I would like to use java to get the source of a website (secure) and then parse that website for links that are in it. I have found how to connect to that url, but then how
You can use javacurl to get the site's html, and java DOM to analyze it.
You can get low level and just request it with a socket. In java it looks like
// Arg[0] = Hostname
// Arg[1] = File like index.html
public static void main(String[] args) throws Exception {
SSLSocketFactory factory = (SSLSocketFactory) SSLSocketFactory.getDefault();
SSLSocket sslsock = (SSLSocket) factory.createSocket(args[0], 443);
SSLSession session = sslsock.getSession();
X509Certificate cert;
try {
cert = (X509Certificate) session.getPeerCertificates()[0];
} catch (SSLPeerUnverifiedException e) {
System.err.println(session.getPeerHost() + " did not present a valid cert.");
return;
}
// Now use the secure socket just like a regular socket to read pages.

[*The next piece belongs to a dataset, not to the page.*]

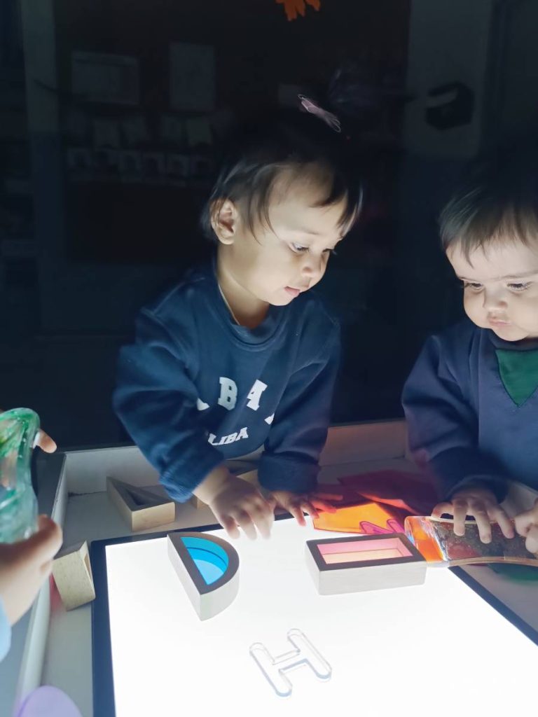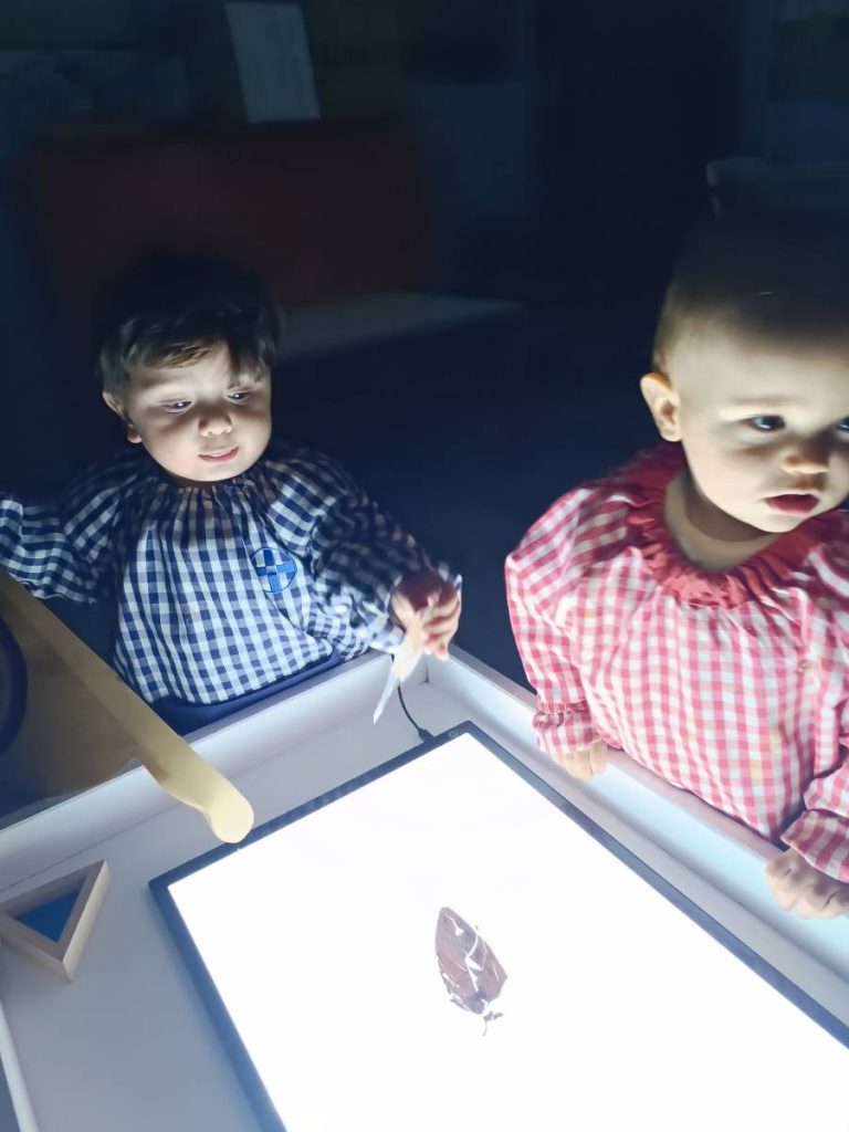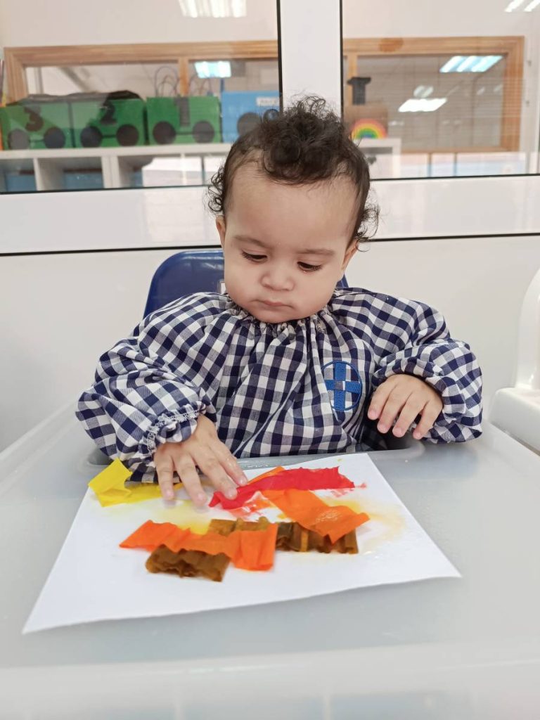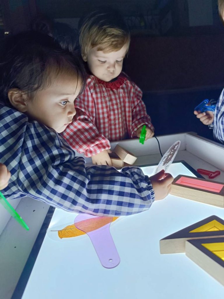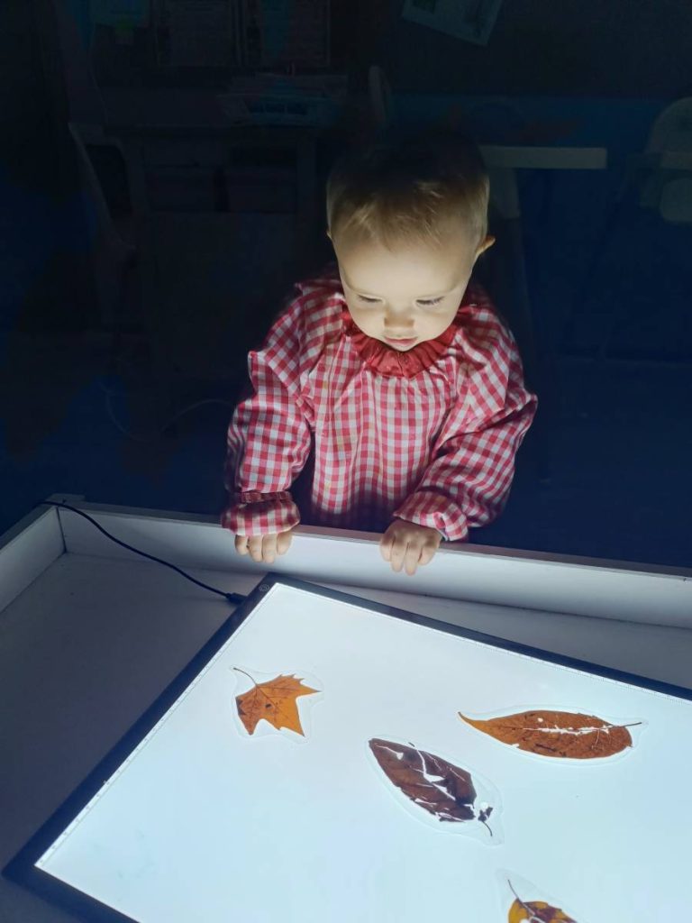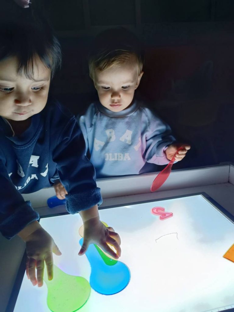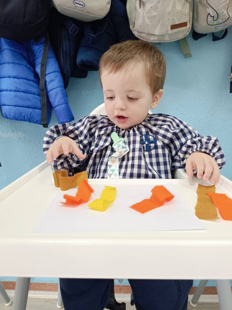 A l’aula realitzem activitats com jugar amb materials naturals, safates sensorials, pintura amb les mans, llum i ombres, o experiments amb diferents textures. Aquest tipus de propostes estimulen la curiositat, la creativitat i la capacitat d’atenció, alhora que fomenten l’autonomia i la confiança en un mateix.

PrintWriter out = new PrintWriter(sslsock.getOutputStream());
out.write("GET " + args[1] + " HTTP/1.0\r\n\r\n");
out.flush();
BufferedReader in = new BufferedReader(new InputStreamReader(sslsock.getInputStream()));
String line;
String regExp = ".*<a href=\"(.*)\">.*";
Pattern p = Pattern.compile( regExp, Pattern.CASE_INSENSITIVE );
while ((line = in.readLine()) != null) {
// Using Oscar's RegEx.
Matcher m = p.matcher( line );
if( m.matches() ) {
System.out.println( m.group(1) );
}
}
sslsock.close();
}